This study aims of this study were to assess the feasibility, results and impact of FDG PET/CT-guided biopsies, including technical and clinical success rates.
Methods
A total of 126 patients were referred to the PET/CT division of a diagnosis centre (Quanta Diagnosis and Therapy) for biopsy of a suspicious lesion. After evaluation of the PET/CT scan, the results were discussed with the referring physician who made the final decision as to whether biopsy was indicated.

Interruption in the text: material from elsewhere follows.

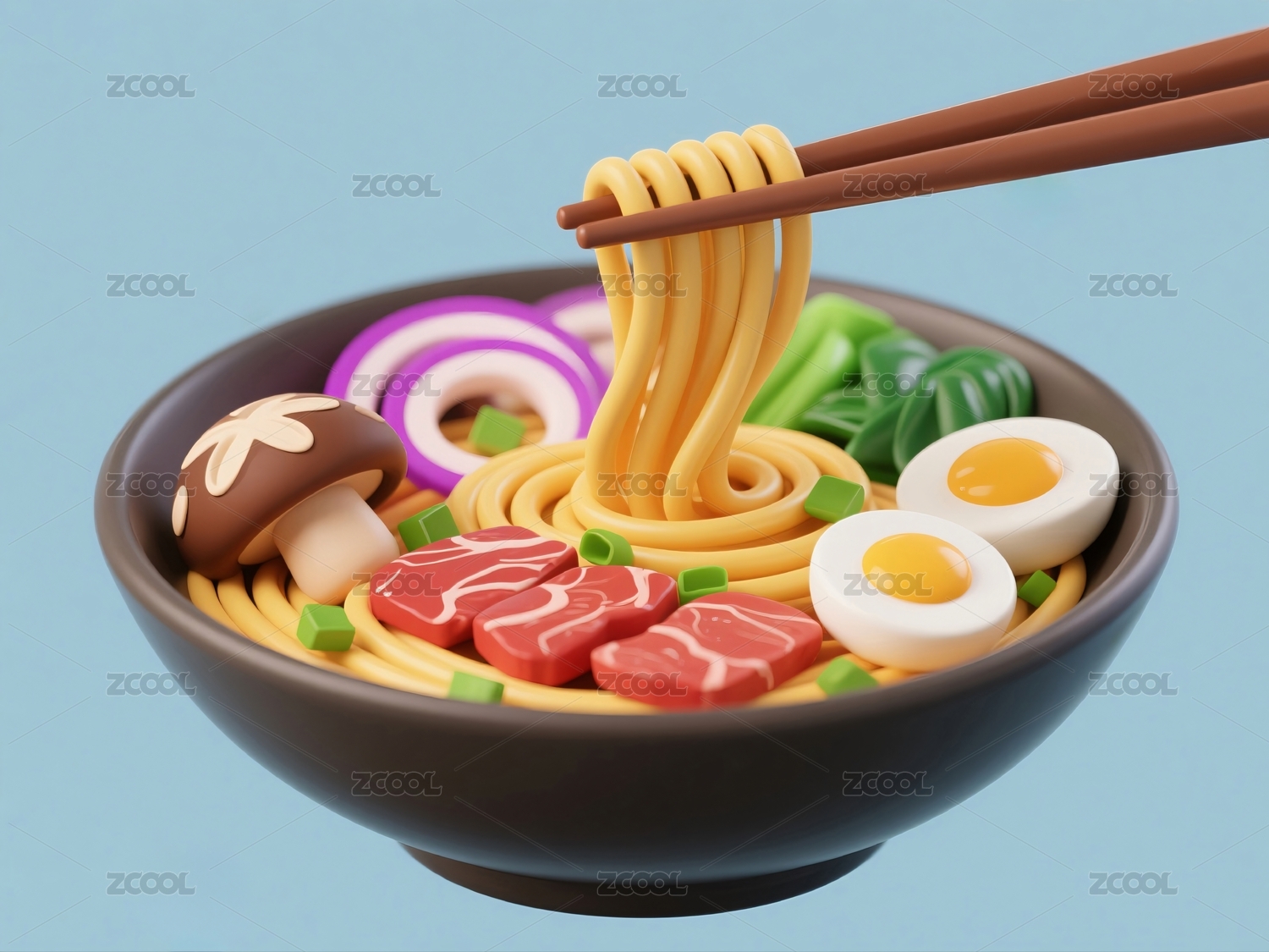 白色背景下火锅里煎蛋牛肉面条食物套餐

Written informed consent was obtained from all patients eligible for this prospective study between August 2010 and February 2012. Complete blood counts, including platelet and coagulation studies, were requested before performing the biopsy. Exclusion criteria were: platelet count less than 100,000/µl, altered coagulation parameters and clinical contraindication for the procedure.
FDG PET/CT imaging
Whole-body FDG PET/CT imaging was performed following an uptake period of 60–90 min after intravenous administration of 296–444 MBq (8–12 mCi) of FDG. Imaging was performed in a PET/CT STE-16 scanner (GE STE 16-slice CT scanner; GE Healthcare, Waukesha, WI) with a CT fluoroscopic imaging system.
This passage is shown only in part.